一つ、道も白く乾いて、枯草がぽかぽかする。……芳《かんば》しい落葉の香のする日の影を、まともに吸って、くしゃみが出そうなのを獅噛面《しかみづら》で、
(鋳掛……錠前の直し。)
 すくッと立った電信柱に添って、片枝折れた松が一株、崖へのしかかって立っています、天幕張だろうが、掘立小屋だろうが、人さえ住んでいれば家業|冥利《みょうり》……
(鋳掛……錠前直し。)……
 と、天幕とその松のあります、ちょっと小高くなった築山《つきやま》てった下を……温泉場の屋根を黒く小さく下に見て、通りがかりに、じろり……」
 藤助は、ぎょろりとしながら、頬辺《ほっぺた》を平手で敲《たた》いて、
「この人相だ、お前さん、じろりとよりか言いようはねえてね、ト行《や》った時、はじめて見たのが湯女のその別嬪だ。お道さんは、半襟の掛った縞の着ものに、前垂掛《まえだれがけ》、昼夜帯、若い世話女房といった形で、その髪のいい、垢抜《あかぬけ》のした白い顔を、神妙に俯向《うつむ》いて、麁末《そまつ》な椅子に掛けて、卓子《テエブル》に凭掛《よりかか》って、足袋を繕っていましたよ、紺足袋を……
(鋳掛……錠前の直し。)……
 ちょっと顔を上げて見ましたっけ。直《すぐ》に、じっと足袋を刺すだて。
 動いただけになお活《い》きて、光沢《つや》を持った、きめの細《こまか》な襟脚の好《よ》さなんと言っちゃねえ。……通り切れるもんじゃあねえてね、お前さん、雲だか、風だか、ふらふらと野道山道宿なしの身のほまちだ。

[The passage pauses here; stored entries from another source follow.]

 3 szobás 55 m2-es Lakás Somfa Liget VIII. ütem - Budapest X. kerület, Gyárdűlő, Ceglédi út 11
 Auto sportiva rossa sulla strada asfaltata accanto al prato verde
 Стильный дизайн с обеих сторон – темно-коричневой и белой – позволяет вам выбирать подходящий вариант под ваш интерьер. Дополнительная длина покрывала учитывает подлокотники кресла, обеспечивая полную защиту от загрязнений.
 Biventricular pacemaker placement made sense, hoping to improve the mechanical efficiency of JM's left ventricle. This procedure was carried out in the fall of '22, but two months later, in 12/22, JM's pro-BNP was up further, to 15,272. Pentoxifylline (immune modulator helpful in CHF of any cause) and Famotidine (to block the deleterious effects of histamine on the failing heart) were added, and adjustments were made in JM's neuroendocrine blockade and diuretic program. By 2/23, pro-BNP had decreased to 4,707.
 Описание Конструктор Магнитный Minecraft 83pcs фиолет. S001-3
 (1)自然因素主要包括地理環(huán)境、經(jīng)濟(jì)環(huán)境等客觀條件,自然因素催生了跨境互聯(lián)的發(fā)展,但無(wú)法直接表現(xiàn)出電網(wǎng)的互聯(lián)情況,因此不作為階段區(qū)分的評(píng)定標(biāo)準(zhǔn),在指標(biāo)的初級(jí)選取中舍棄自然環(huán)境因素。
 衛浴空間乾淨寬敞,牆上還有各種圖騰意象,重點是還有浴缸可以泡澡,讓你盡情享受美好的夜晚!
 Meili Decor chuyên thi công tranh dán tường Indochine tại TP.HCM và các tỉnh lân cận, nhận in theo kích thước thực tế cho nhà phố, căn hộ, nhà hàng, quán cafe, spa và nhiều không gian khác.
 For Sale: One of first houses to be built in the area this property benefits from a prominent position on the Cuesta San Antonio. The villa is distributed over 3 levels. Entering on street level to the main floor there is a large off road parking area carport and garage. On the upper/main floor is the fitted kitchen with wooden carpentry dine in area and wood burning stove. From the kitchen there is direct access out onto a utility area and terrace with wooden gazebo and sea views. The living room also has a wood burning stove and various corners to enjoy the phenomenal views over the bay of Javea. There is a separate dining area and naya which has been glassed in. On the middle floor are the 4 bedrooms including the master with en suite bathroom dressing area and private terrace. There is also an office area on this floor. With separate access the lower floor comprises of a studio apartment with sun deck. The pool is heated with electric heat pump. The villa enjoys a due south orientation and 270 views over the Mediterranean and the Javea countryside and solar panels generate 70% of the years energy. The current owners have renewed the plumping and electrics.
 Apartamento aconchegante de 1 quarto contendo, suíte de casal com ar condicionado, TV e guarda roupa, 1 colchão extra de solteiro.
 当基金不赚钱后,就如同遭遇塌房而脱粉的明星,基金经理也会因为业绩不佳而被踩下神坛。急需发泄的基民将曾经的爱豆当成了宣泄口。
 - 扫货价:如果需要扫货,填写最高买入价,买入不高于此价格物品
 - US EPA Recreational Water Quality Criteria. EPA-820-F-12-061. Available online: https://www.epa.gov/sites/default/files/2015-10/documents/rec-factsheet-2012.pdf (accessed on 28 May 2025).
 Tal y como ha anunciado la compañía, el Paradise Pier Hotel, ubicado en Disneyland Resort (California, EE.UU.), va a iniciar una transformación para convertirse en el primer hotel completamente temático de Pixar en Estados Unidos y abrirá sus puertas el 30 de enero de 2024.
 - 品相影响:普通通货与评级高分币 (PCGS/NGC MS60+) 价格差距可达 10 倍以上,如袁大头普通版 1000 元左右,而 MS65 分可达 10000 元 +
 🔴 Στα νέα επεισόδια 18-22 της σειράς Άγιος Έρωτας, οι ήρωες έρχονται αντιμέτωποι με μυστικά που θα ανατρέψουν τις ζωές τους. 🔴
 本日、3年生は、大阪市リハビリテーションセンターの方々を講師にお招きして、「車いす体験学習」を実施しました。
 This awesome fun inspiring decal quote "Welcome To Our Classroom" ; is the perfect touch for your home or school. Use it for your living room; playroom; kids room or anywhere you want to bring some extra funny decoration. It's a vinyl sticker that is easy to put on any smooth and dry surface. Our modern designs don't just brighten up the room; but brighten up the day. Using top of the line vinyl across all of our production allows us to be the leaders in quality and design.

 一言《ひとこと》ぐらい口を利いて、渋茶の一杯も、あのお手からと思いましたがね、ぎょっとしたのは半分焦げたなりで天幕の端に真直《まっすぐ》に立った看板だ。電信局としてある……
 茶屋小屋、出茶屋の姉《ねえ》さんじゃあねえ。風俗《なりふり》はこの目で確《たしか》に睨《にら》んだが……おやおや、お役人の奥様かい。……郵便局員の御夫人かな。
 これが旦那方だと仔細《しさい》ねえ。湯茶の無心も雑作はねえ。西行法師なら歌をよみかける処だが、山家めぐりの鋳掛屋じゃあ道を聞くのも跋《ばつ》が変だ。
 ところで、椅子はまだ二三脚、何だか、こちとらにゃ分らねえが、ぴかぴか機械を据附けた卓子《テエブル》がもう一台。向ってきちんと椅子が置いてあるが、役人らしいのは影も見えねえ。